### ACTIVITY:
Would you transcribe the entries below word for word, omitting all images?
• • • •
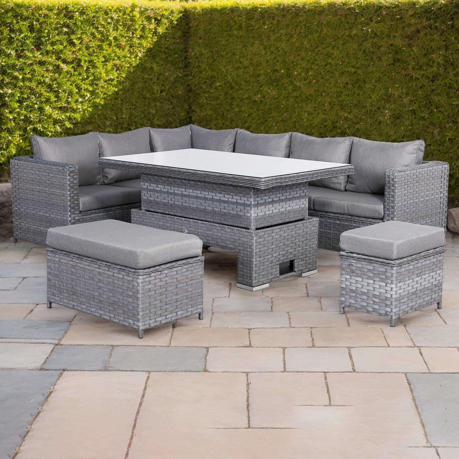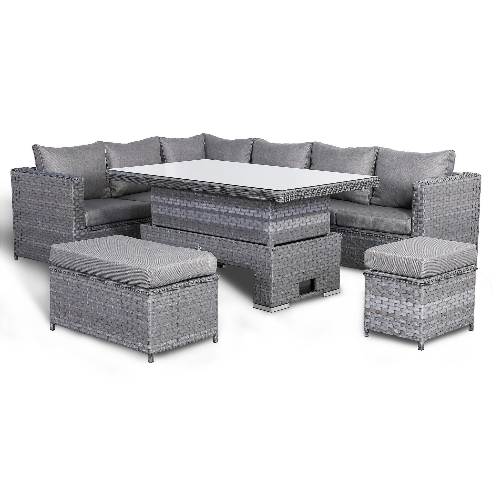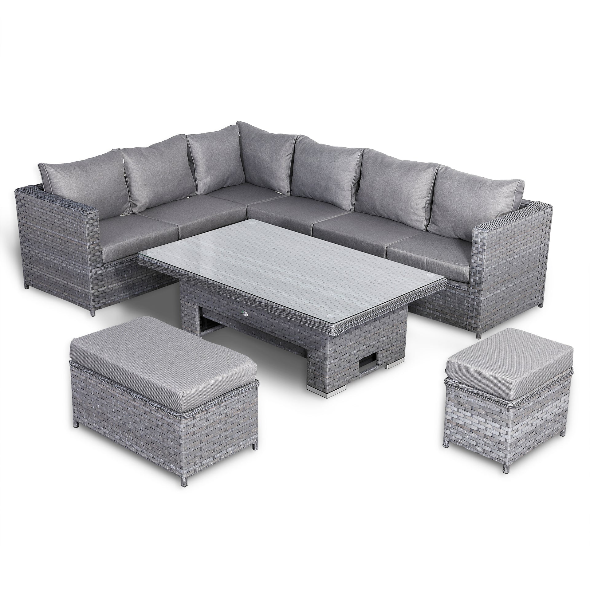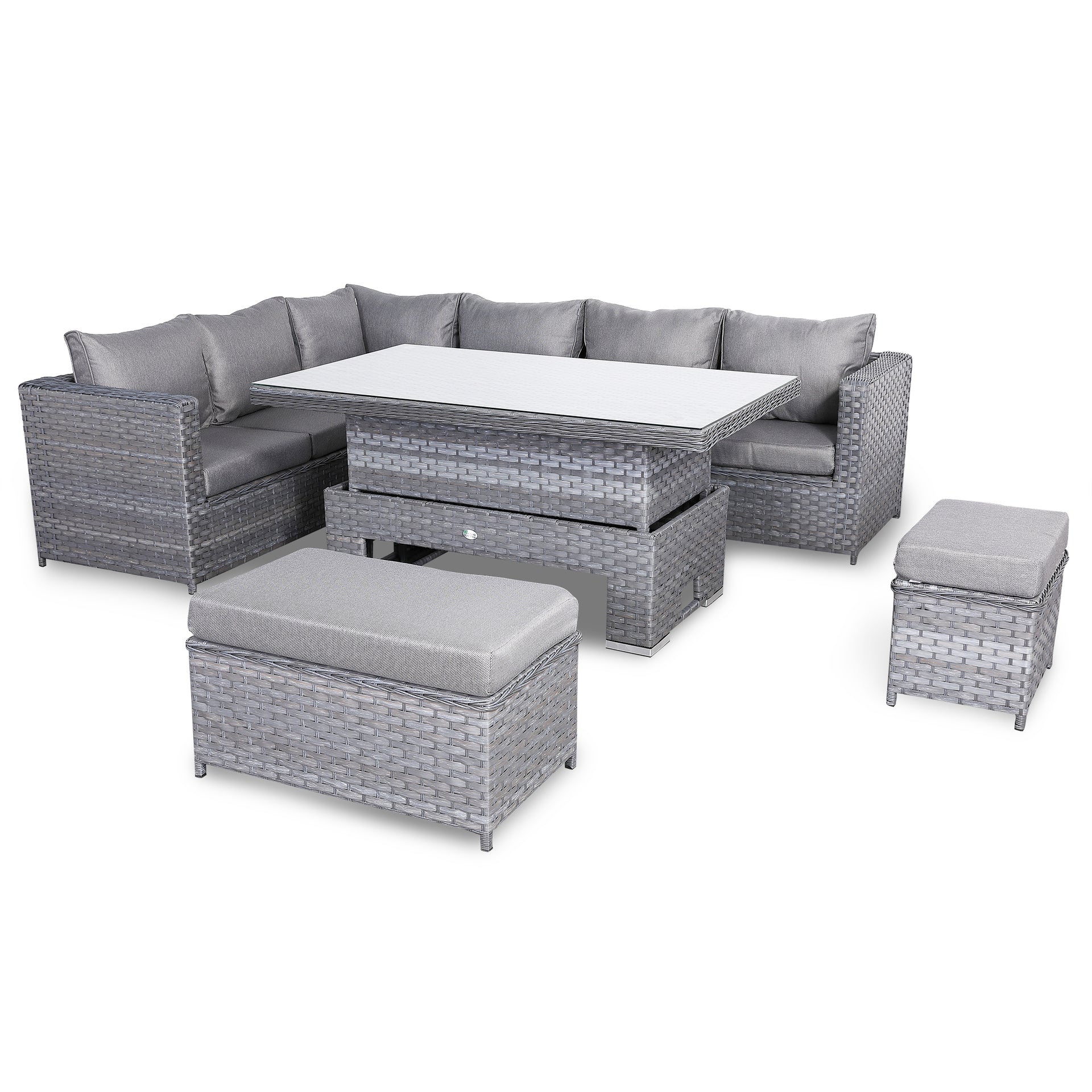 This LHF large corner sofa set sits 9 people comfortably and is made in our premium Slate Grey rattan that is UV Treated. The rising table can be used as either a coffee or dining table. The grey cushions are premium quality and have machine washable covers. |
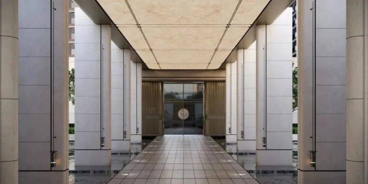 招商序秉持国际视野与在地文化相互融合的设计理念,以上海水位源点“吴淞零点” 「中国最早的水程标高之处」为灵感,创造约66米宽、约6.7米高的“上海之冕”。同时,藉由“吴淞灯塔”及其形制,原创落客雕塑-“源流”,让归家本身也有“温润的昭示和提醒”。
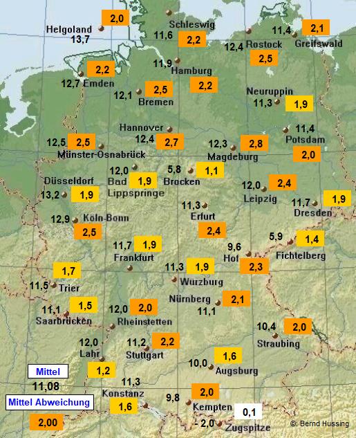 Temperaturmittel, dahinter die Abweichung zum langjährigen Mittel (1961-1990)
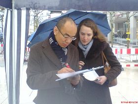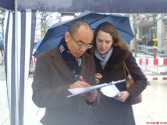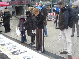 大量来自中国的游客看到了写着“中共必须停止干扰神韵”的中德文横幅,了解了中共真相的人们纷纷退!党!、退*团-、退*队-(即“三:退.”)。其中一位法轮功学员在三个多小时之内,就帮助八位大陆游客办理了“三:退.”手续。
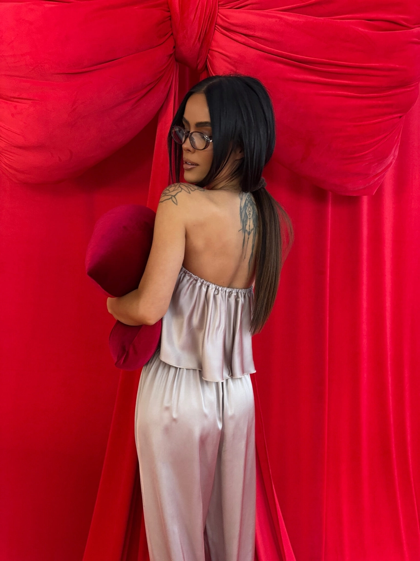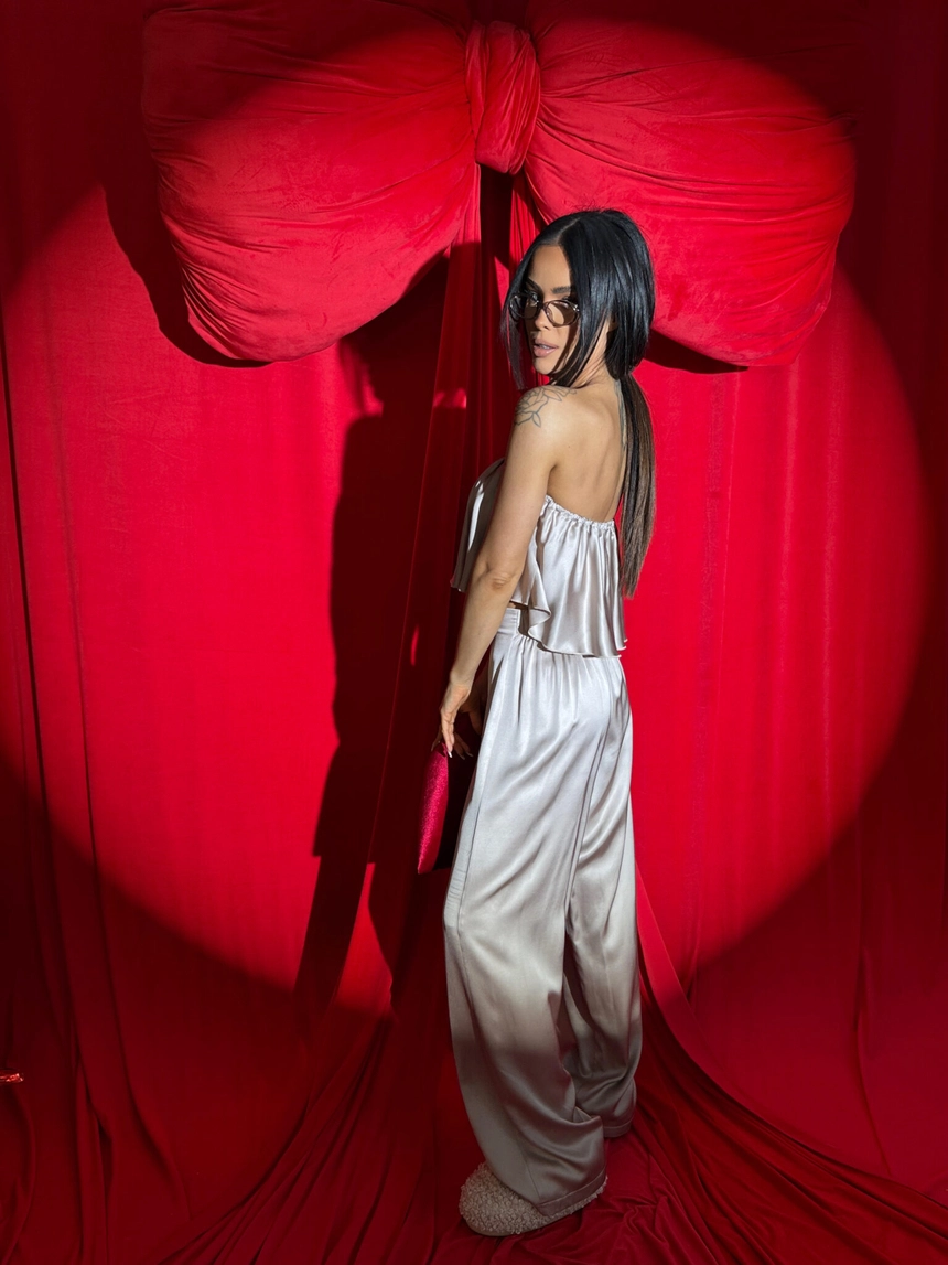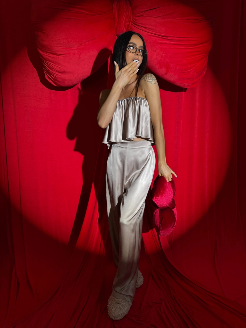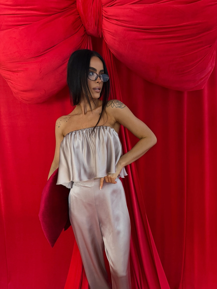 Ten komplet to kwintesencja luksusu w domowej odsłonie. Wykonany z naturalnej wiskozy o satynowym wykończeniu, zachwyca miękkością, subtelnym połyskiem i eleganckim ruchem tkaniny przy każdym kroku. Top bez ramiączek z falbaną delikatnie podkreśla ramiona, a szerokie spodnie z wysokim stanem i efektownym marszczeniem z tyłu pięknie układają się na sylwetce – zwłaszcza na biodrach i pośladkach.To nie tylko komplet do domu. To styl, który możesz śmiało zabrać na wieczór, do hotelu, na prezent. Klasa, jakość i dopracowany detal – dokładnie tak, jak definiuje to LAMANUEL.Skład: 100% wiskoza satyna
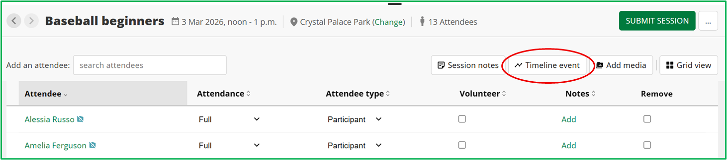 You can also add timeline events from a session for individuals or multiple attendees. This can be done from a session register.
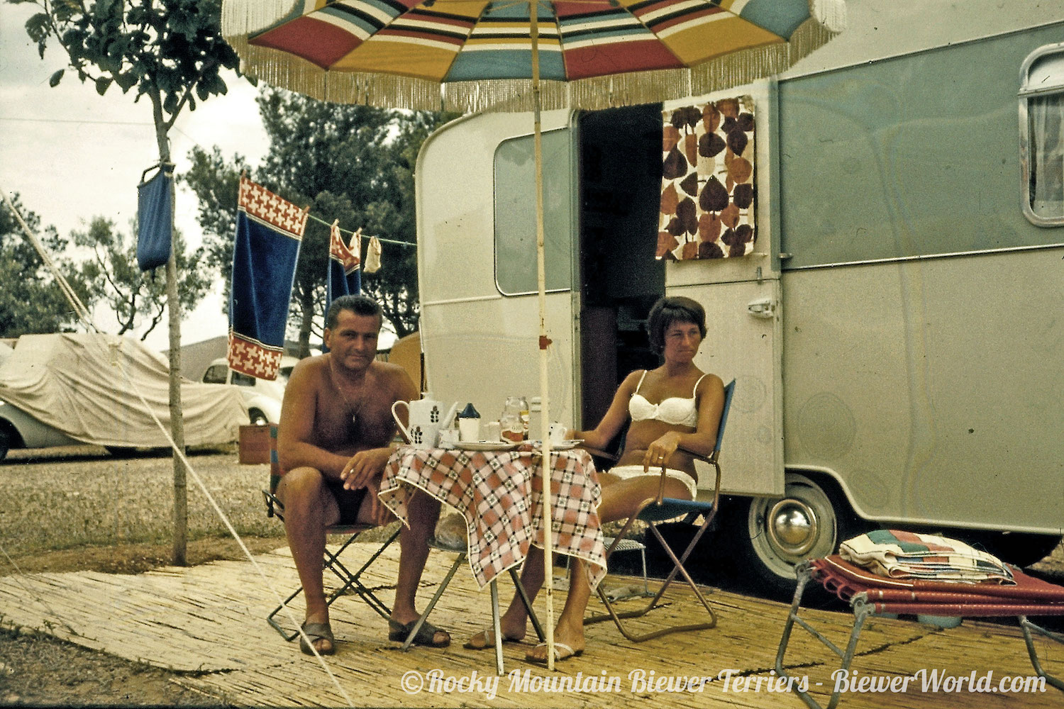 As you can see in the pictures, there is barely a photo without a dog. Their home in Hirschfeld was near an old Military base and when soldiers had to return home, they sometimes left their dogs behind. Gertrud took many of them home. Their favorite thing was camping. They could always take their dogs and sometimes Gertrud would even bring a stray dog from the Campground home. The black Tibetan Terrier mix that we’ve seen on many photos before, came from a Campground in Spain. He lived a very happy and long life with the Biewers.
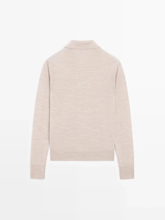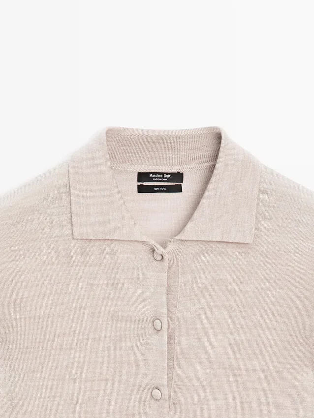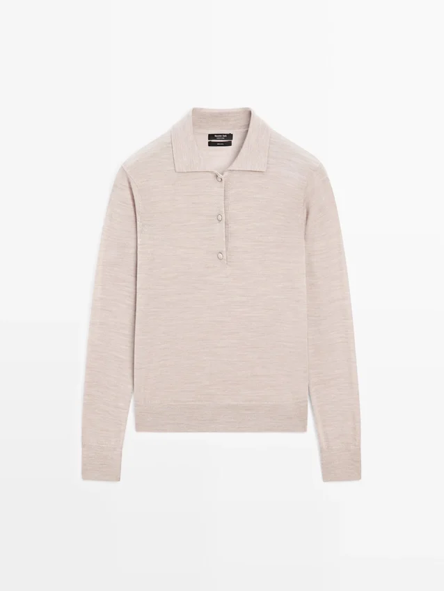 Maglione in lana. Maniche lunghe. Collo a Polo con chiusura a bottoni. Bordi a costine. Tessuto fine e leggero. Dettaglio bottoni ricoperti.
• • • •
### RESPONSE TO THE EXERCISE:
 This LHF large corner sofa set sits 9 people comfortably and is made in our premium Slate Grey rattan that is UV Treated. The rising table can be used as either a coffee or dining table. The grey cushions are premium quality and have machine washable covers. |
 招商序秉持国际视野与在地文化相互融合的设计理念,以上海水位源点“吴淞零点” 「中国最早的水程标高之处」为灵感,创造约66米宽、约6.7米高的“上海之冕”。同时,藉由“吴淞灯塔”及其形制,原创落客雕塑-“源流”,让归家本身也有“温润的昭示和提醒”。
 Temperaturmittel, dahinter die Abweichung zum langjährigen Mittel (1961-1990)
 大量来自中国的游客看到了写着“中共必须停止干扰神韵”的中德文横幅,了解了中共真相的人们纷纷退!党!、退*团-、退*队-(即“三:退.”)。其中一位法轮功学员在三个多小时之内,就帮助八位大陆游客办理了“三:退.”手续。
 Ten komplet to kwintesencja luksusu w domowej odsłonie. Wykonany z naturalnej wiskozy o satynowym wykończeniu, zachwyca miękkością, subtelnym połyskiem i eleganckim ruchem tkaniny przy każdym kroku. Top bez ramiączek z falbaną delikatnie podkreśla ramiona, a szerokie spodnie z wysokim stanem i efektownym marszczeniem z tyłu pięknie układają się na sylwetce – zwłaszcza na biodrach i pośladkach.To nie tylko komplet do domu. To styl, który możesz śmiało zabrać na wieczór, do hotelu, na prezent. Klasa, jakość i dopracowany detal – dokładnie tak, jak definiuje to LAMANUEL.Skład: 100% wiskoza satyna
 You can also add timeline events from a session for individuals or multiple attendees. This can be done from a session register.
 As you can see in the pictures, there is barely a photo without a dog. Their home in Hirschfeld was near an old Military base and when soldiers had to return home, they sometimes left their dogs behind. Gertrud took many of them home. Their favorite thing was camping. They could always take their dogs and sometimes Gertrud would even bring a stray dog from the Campground home. The black Tibetan Terrier mix that we’ve seen on many photos before, came from a Campground in Spain. He lived a very happy and long life with the Biewers.
 Maglione in lana. Maniche lunghe. Collo a Polo con chiusura a bottoni. Bordi a costine. Tessuto fine e leggero. Dettaglio bottoni ricoperti.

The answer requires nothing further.